Have you ever had one of those days when you finally get tired of all the clutter that's been lying on your desk for decades and clear it all up in a burst of adrenaline? Or where you decide that for once you're going to be organised about things and so you arrange all your papers properly, complete with three-ring binders and seperators and stuff?
And you know how you sit there, looking at how everything around you looks human and is all in its proper place (which, for some 84% of the stuff on your desk is the trash can), and there's this queer glow of pride running through you, and you sit there thinking: 'Aaah! so this is why my mother was always tidying up my room so I could never find anything in it. It's all starting to make sense'. And you smirk at all the suckers who still have last month's doughnuts lying on their desk or are carrying all their papers around all jumbled up in a plastic bag and you think - I used to be like them, but I'm not anymore. I'm an organised person now. I've got my life together. It's the first day of the rest of my life, etc, etc. (Is there a Messy Person's Anonymous? "Hi. I'm Falstaff. I used to be a Messy Person. Then one day I left my girlfriend on my desk and couldn't find her afterwards. That was the day I realised I had to change my entire way of life. Now it's been two months since I last threw junk mail on my table and I have a file where I keep all my latest bills, neatly indexed with the due dates marked in different colour inks on my table calendar" Sound of applause. A couple of people at the back are crying. I feel like I'm among my own.)
Of course, all this euphoria doesn't last. No matter how much you tell yourself that from now on you're going to pick everything off the floor the minute it drops and not just let it lie there till the next time you vacuum or the next ice age (whichever comes first - after all there's no point hoovering if some stupid glacier is going to come along in a million years or so and leave its muddy tracks all over your carpet, now is there?), but there's always that critical moment where you're just too tired / too lazy. You think: 'It's just one little piece of string, for god's sake, no one's even going to notice. I'll pick it up some other time'.
Or take junk mail. You'll always tell yourself that you should throw it away as soon as it comes. And for a while you will. Then there'll be the day you'll think 'I don't have the time to sort through this now. Why don't I just leave it out here in the open so I'll remember '. Or: 'Hmmm. I'm not sure. Let me just leave it here and I'll decide tomorrow'. Then by the time the next one comes along, you're thinking 'hey! I haven't even cleared the last one. Why don't I add this one to the pile so I'll remember to do both together'. By the third one it's 'Oh good! I can just put this where I put my other junk mail. I bet no one who looked at this mess on my desk would be able to figure out that I have such a wonderful system' By the time the fourth one comes along your desk is this impenetrable jungle of paper. You have enough unopened mail there to design the next NASA space shuttle using back of the envelope calculations (i.e. >5). It hardly seems worthwhile trying to be neat with this new thing, does it?

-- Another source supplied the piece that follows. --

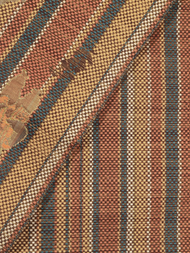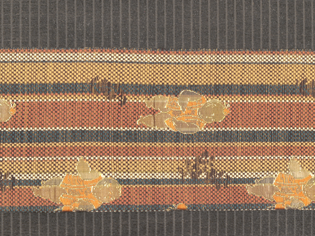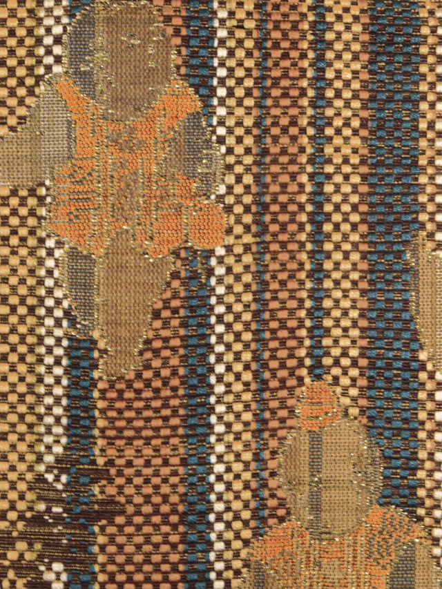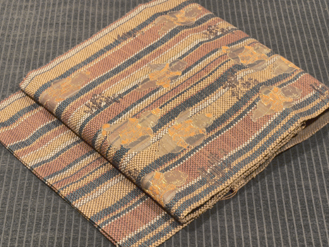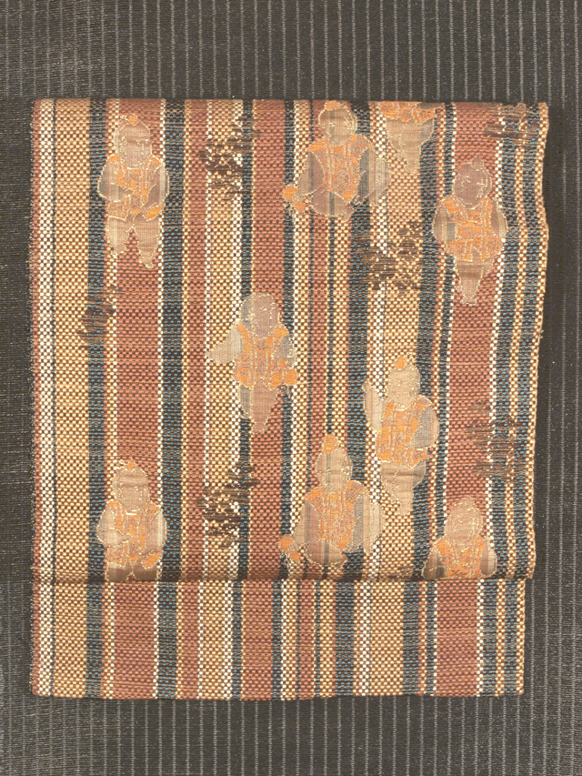 白色、黄唐茶(きがらちゃ)色、駱駝(らくだ)色、天鵞絨(びろうど)色のたて縞の地に、御所人形の文様が織り込まれている、西陣織の八寸名古屋帯です。 コミカルな御所人形が愛らしくも格調のある雰囲気であらわされていて、たて縞とあいまって粋なおもしろさが感じられます。紋博多織のようなハリのある地風です。 ユーズド品で、前の折り跡はありますが、使用感はあまり感じられません。しみやよごれ、褪色などのダメージも見あたらず、たいへんきれいな状態です。 |
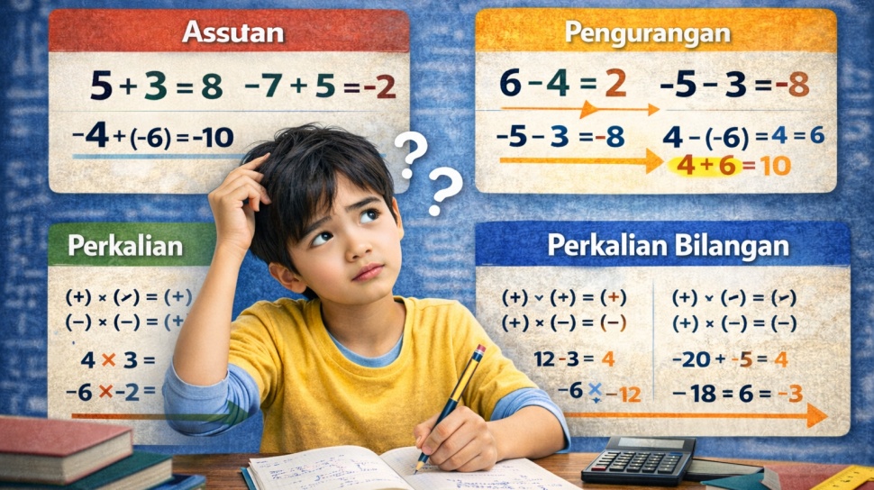 Agar tidak keliru lagi, berikut panduan operasi hitung bilangan bulat (positif dan negatif) lengkap dengan contoh soal yang sering muncul di kelas dan ujian.

Anyway, I just had one of those days. My papers have all been organised into (neatly labelled) folders. Every redundant scrap of mail has been thrown away. Books have been put back in their shelves, CDs returned to their rightful covers. My table is so clean you could eat off it (oh, wait!). I feel lifted and glorious. I feel the way God must have felt at the end of the fourth day after he'd got this Eden thing all set up and before all these birds and beast and fowl and apple munching humans showed up to mess the place up (I've always thought of God as a sort of fussy housewife - try talking to her about something important and meaningful, and she looks kind of spaced and nods along vaguely; but get a little spot on her tablecloth, or show up one minute late for dinner when the food is on the table and you've had it). I feel like going out and finding myself a broken column somewhere and waiting for the sunlight.
I know it won't last of course - that already the forces of messiness are gathering against me, that the empire of the ordered will go the way of all empires, crumbling into the dust of the centuries until another historic moment (or a feather duster) comes along. What was it Auden said: "Beauty, midnight, vision dies: / Let the wind of dawn that blow / Softly round your dreaming head / Such a day of welcome show / Eye and knocking heart may bless, / Find our mortal world enough".
I'd better take a picture of my desk while it's still this neat.